## What you will do
The answer must repeat every record exactly, with no pictures in it.

☆ ☆ ☆ ☆

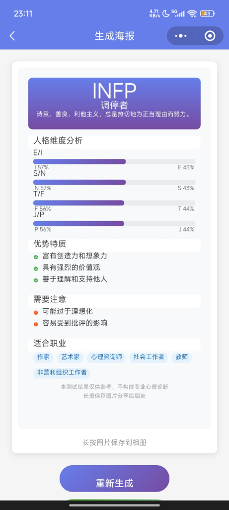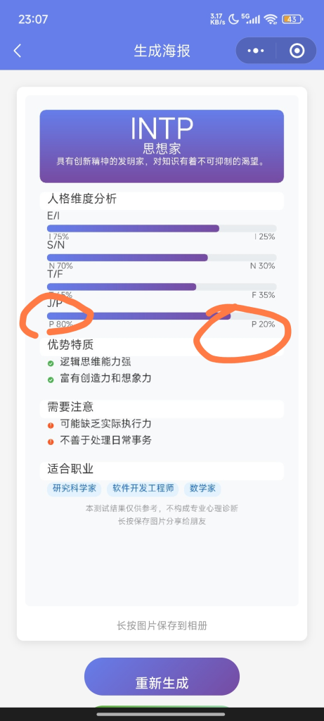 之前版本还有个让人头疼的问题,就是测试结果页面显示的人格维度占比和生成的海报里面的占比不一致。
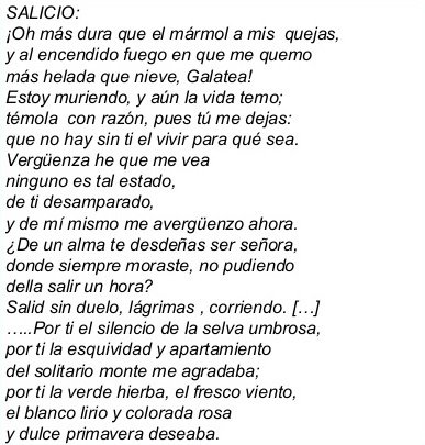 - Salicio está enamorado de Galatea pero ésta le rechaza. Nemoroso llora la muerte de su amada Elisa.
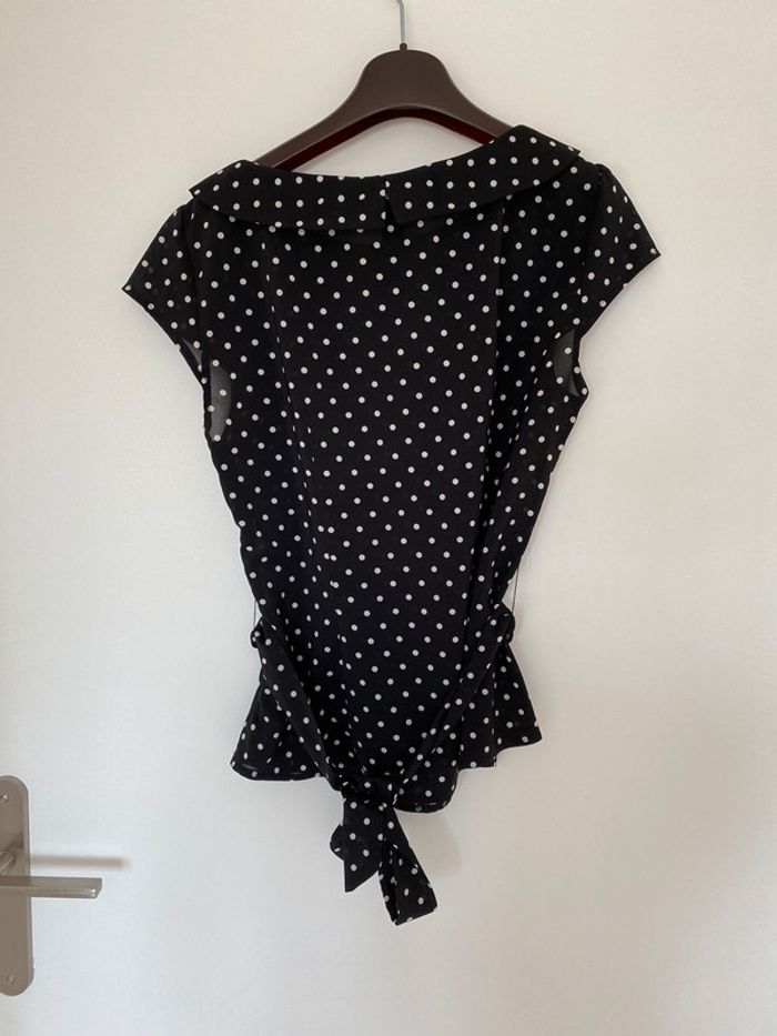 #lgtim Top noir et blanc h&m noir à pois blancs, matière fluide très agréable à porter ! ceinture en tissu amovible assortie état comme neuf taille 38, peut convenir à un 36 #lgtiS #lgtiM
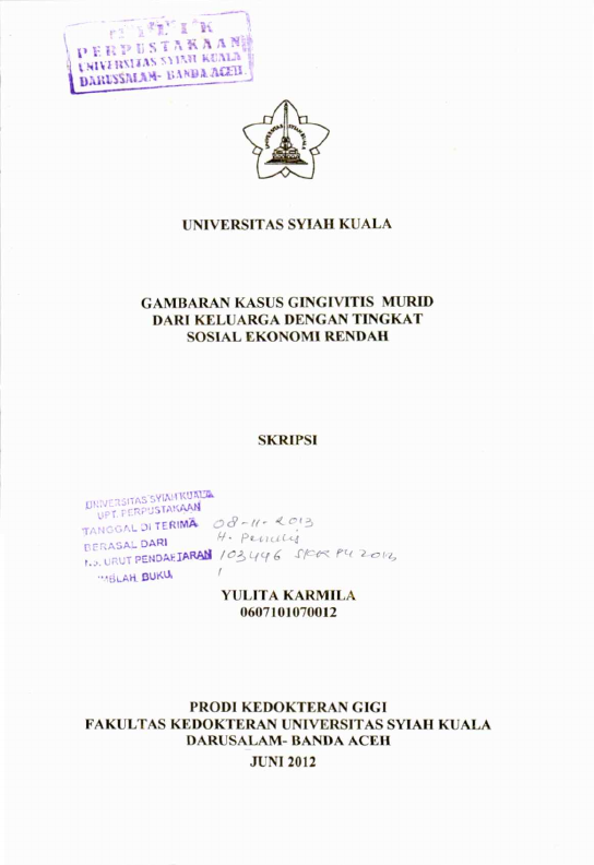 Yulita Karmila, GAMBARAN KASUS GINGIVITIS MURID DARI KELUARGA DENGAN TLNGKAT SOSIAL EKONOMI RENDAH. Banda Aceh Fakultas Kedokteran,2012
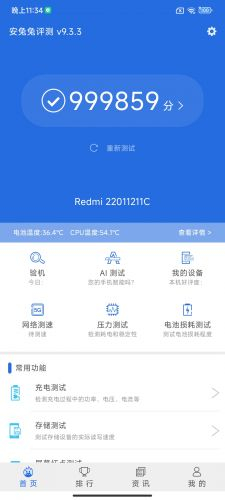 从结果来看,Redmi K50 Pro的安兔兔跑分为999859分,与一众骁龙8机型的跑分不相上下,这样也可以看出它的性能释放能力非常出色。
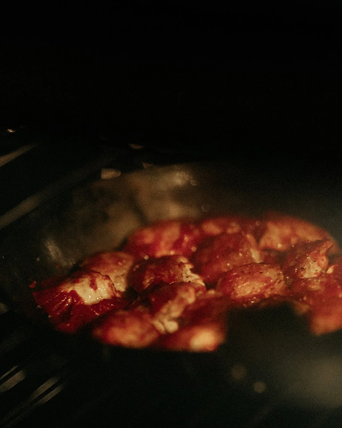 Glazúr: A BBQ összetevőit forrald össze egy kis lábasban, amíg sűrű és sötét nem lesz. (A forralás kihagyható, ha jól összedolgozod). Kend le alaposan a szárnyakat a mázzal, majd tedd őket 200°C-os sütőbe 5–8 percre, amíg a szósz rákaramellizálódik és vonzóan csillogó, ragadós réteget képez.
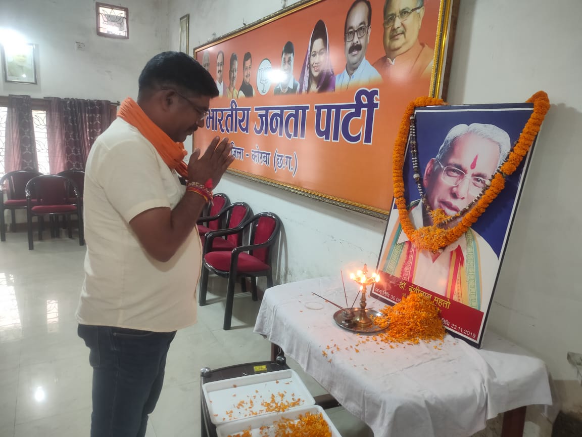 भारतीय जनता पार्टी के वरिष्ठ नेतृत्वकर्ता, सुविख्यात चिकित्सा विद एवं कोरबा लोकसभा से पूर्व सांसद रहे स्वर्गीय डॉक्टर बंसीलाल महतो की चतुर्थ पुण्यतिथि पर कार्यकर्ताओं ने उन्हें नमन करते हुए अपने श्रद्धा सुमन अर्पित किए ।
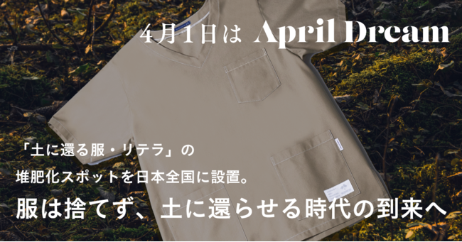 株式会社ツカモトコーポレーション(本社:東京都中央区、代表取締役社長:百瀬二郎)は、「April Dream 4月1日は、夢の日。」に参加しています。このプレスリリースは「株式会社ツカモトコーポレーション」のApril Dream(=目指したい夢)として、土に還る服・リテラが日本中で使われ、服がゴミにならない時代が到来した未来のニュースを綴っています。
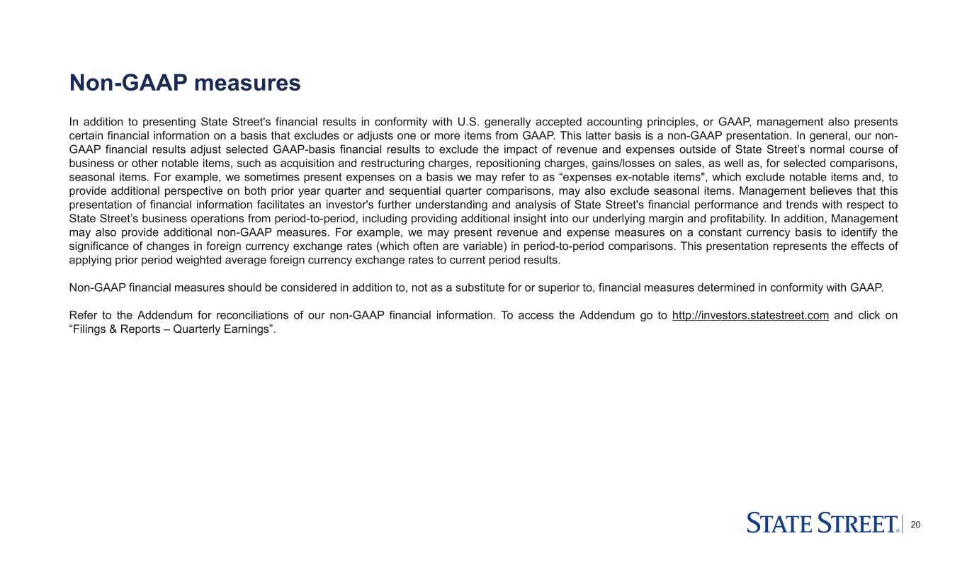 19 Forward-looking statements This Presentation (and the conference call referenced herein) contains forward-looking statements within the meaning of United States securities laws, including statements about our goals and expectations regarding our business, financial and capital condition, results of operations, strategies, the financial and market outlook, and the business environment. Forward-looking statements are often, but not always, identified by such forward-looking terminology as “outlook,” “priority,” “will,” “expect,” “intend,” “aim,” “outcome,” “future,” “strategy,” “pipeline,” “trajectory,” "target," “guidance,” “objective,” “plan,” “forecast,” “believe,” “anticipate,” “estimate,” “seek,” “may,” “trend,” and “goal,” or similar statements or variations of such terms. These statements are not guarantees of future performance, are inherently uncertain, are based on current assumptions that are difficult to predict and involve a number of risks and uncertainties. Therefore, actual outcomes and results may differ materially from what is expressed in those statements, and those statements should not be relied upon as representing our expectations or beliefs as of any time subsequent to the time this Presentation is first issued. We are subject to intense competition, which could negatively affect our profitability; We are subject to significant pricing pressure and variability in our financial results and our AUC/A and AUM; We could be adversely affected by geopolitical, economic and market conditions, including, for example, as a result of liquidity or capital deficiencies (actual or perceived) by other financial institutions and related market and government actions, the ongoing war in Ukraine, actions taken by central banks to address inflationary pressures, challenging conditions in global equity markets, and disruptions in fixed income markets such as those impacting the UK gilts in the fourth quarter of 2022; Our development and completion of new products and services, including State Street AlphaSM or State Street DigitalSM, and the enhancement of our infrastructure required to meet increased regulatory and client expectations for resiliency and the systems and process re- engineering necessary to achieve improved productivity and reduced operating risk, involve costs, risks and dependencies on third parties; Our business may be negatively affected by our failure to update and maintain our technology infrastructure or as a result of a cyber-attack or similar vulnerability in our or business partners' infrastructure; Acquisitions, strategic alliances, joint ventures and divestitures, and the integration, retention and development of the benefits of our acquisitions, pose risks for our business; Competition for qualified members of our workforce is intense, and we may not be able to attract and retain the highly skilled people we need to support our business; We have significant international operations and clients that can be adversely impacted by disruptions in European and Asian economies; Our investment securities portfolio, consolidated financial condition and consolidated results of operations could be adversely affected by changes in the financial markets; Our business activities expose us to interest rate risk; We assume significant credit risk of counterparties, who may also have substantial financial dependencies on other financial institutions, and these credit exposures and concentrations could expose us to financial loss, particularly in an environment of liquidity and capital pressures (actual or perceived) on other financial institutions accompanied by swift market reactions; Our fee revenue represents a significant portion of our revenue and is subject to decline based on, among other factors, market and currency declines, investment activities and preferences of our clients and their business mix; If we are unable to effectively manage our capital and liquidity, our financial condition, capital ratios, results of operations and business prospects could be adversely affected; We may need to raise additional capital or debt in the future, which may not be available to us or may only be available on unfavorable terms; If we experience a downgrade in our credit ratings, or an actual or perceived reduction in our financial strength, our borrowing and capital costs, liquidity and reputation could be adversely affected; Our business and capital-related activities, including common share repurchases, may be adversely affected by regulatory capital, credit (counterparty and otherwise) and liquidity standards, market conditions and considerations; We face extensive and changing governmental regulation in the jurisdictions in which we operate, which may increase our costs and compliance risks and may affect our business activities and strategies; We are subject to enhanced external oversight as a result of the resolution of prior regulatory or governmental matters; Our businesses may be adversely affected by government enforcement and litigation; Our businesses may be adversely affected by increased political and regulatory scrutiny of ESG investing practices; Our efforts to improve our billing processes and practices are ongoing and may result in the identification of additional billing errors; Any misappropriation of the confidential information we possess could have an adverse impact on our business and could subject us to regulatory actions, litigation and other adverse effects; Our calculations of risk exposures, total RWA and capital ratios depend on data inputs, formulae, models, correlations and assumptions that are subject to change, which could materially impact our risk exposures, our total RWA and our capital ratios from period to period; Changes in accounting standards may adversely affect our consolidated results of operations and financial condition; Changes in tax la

☆ ☆ ☆ ☆

## Output
 之前版本还有个让人头疼的问题,就是测试结果页面显示的人格维度占比和生成的海报里面的占比不一致。
 - Salicio está enamorado de Galatea pero ésta le rechaza. Nemoroso llora la muerte de su amada Elisa.
 #lgtim Top noir et blanc h&m noir à pois blancs, matière fluide très agréable à porter ! ceinture en tissu amovible assortie état comme neuf taille 38, peut convenir à un 36 #lgtiS #lgtiM
 Yulita Karmila, GAMBARAN KASUS GINGIVITIS MURID DARI KELUARGA DENGAN TLNGKAT SOSIAL EKONOMI RENDAH. Banda Aceh Fakultas Kedokteran,2012
 从结果来看,Redmi K50 Pro的安兔兔跑分为999859分,与一众骁龙8机型的跑分不相上下,这样也可以看出它的性能释放能力非常出色。
 Glazúr: A BBQ összetevőit forrald össze egy kis lábasban, amíg sűrű és sötét nem lesz. (A forralás kihagyható, ha jól összedolgozod). Kend le alaposan a szárnyakat a mázzal, majd tedd őket 200°C-os sütőbe 5–8 percre, amíg a szósz rákaramellizálódik és vonzóan csillogó, ragadós réteget képez.
 भारतीय जनता पार्टी के वरिष्ठ नेतृत्वकर्ता, सुविख्यात चिकित्सा विद एवं कोरबा लोकसभा से पूर्व सांसद रहे स्वर्गीय डॉक्टर बंसीलाल महतो की चतुर्थ पुण्यतिथि पर कार्यकर्ताओं ने उन्हें नमन करते हुए अपने श्रद्धा सुमन अर्पित किए ।
 株式会社ツカモトコーポレーション(本社:東京都中央区、代表取締役社長:百瀬二郎)は、「April Dream 4月1日は、夢の日。」に参加しています。このプレスリリースは「株式会社ツカモトコーポレーション」のApril Dream(=目指したい夢)として、土に還る服・リテラが日本中で使われ、服がゴミにならない時代が到来した未来のニュースを綴っています。
 19 Forward-looking statements This Presentation (and the conference call referenced herein) contains forward-looking statements within the meaning of United States securities laws, including statements about our goals and expectations regarding our business, financial and capital condition, results of operations, strategies, the financial and market outlook, and the business environment. Forward-looking statements are often, but not always, identified by such forward-looking terminology as “outlook,” “priority,” “will,” “expect,” “intend,” “aim,” “outcome,” “future,” “strategy,” “pipeline,” “trajectory,” "target," “guidance,” “objective,” “plan,” “forecast,” “believe,” “anticipate,” “estimate,” “seek,” “may,” “trend,” and “goal,” or similar statements or variations of such terms. These statements are not guarantees of future performance, are inherently uncertain, are based on current assumptions that are difficult to predict and involve a number of risks and uncertainties. Therefore, actual outcomes and results may differ materially from what is expressed in those statements, and those statements should not be relied upon as representing our expectations or beliefs as of any time subsequent to the time this Presentation is first issued. We are subject to intense competition, which could negatively affect our profitability; We are subject to significant pricing pressure and variability in our financial results and our AUC/A and AUM; We could be adversely affected by geopolitical, economic and market conditions, including, for example, as a result of liquidity or capital deficiencies (actual or perceived) by other financial institutions and related market and government actions, the ongoing war in Ukraine, actions taken by central banks to address inflationary pressures, challenging conditions in global equity markets, and disruptions in fixed income markets such as those impacting the UK gilts in the fourth quarter of 2022; Our development and completion of new products and services, including State Street AlphaSM or State Street DigitalSM, and the enhancement of our infrastructure required to meet increased regulatory and client expectations for resiliency and the systems and process re- engineering necessary to achieve improved productivity and reduced operating risk, involve costs, risks and dependencies on third parties; Our business may be negatively affected by our failure to update and maintain our technology infrastructure or as a result of a cyber-attack or similar vulnerability in our or business partners' infrastructure; Acquisitions, strategic alliances, joint ventures and divestitures, and the integration, retention and development of the benefits of our acquisitions, pose risks for our business; Competition for qualified members of our workforce is intense, and we may not be able to attract and retain the highly skilled people we need to support our business; We have significant international operations and clients that can be adversely impacted by disruptions in European and Asian economies; Our investment securities portfolio, consolidated financial condition and consolidated results of operations could be adversely affected by changes in the financial markets; Our business activities expose us to interest rate risk; We assume significant credit risk of counterparties, who may also have substantial financial dependencies on other financial institutions, and these credit exposures and concentrations could expose us to financial loss, particularly in an environment of liquidity and capital pressures (actual or perceived) on other financial institutions accompanied by swift market reactions; Our fee revenue represents a significant portion of our revenue and is subject to decline based on, among other factors, market and currency declines, investment activities and preferences of our clients and their business mix; If we are unable to effectively manage our capital and liquidity, our financial condition, capital ratios, results of operations and business prospects could be adversely affected; We may need to raise additional capital or debt in the future, which may not be available to us or may only be available on unfavorable terms; If we experience a downgrade in our credit ratings, or an actual or perceived reduction in our financial strength, our borrowing and capital costs, liquidity and reputation could be adversely affected; Our business and capital-related activities, including common share repurchases, may be adversely affected by regulatory capital, credit (counterparty and otherwise) and liquidity standards, market conditions and considerations; We face extensive and changing governmental regulation in the jurisdictions in which we operate, which may increase our costs and compliance risks and may affect our business activities and strategies; We are subject to enhanced external oversight as a result of the resolution of prior regulatory or governmental matters; Our businesses may be adversely affected by government enforcement and litigation; Our businesses may be adversely affected by increased political and regulatory scrutiny of ESG investing practices; Our efforts to improve our billing processes and practices are ongoing and may result in the identification of additional billing errors; Any misappropriation of the confidential information we possess could have an adverse impact on our business and could subject us to regulatory actions, litigation and other adverse effects; Our calculations of risk exposures, total RWA and capital ratios depend on data inputs, formulae, models, correlations and assumptions that are subject to change, which could materially impact our risk exposures, our total RWA and our capital ratios from period to period; Changes in accounting standards may adversely affect our consolidated results of operations and financial condition; Changes in tax la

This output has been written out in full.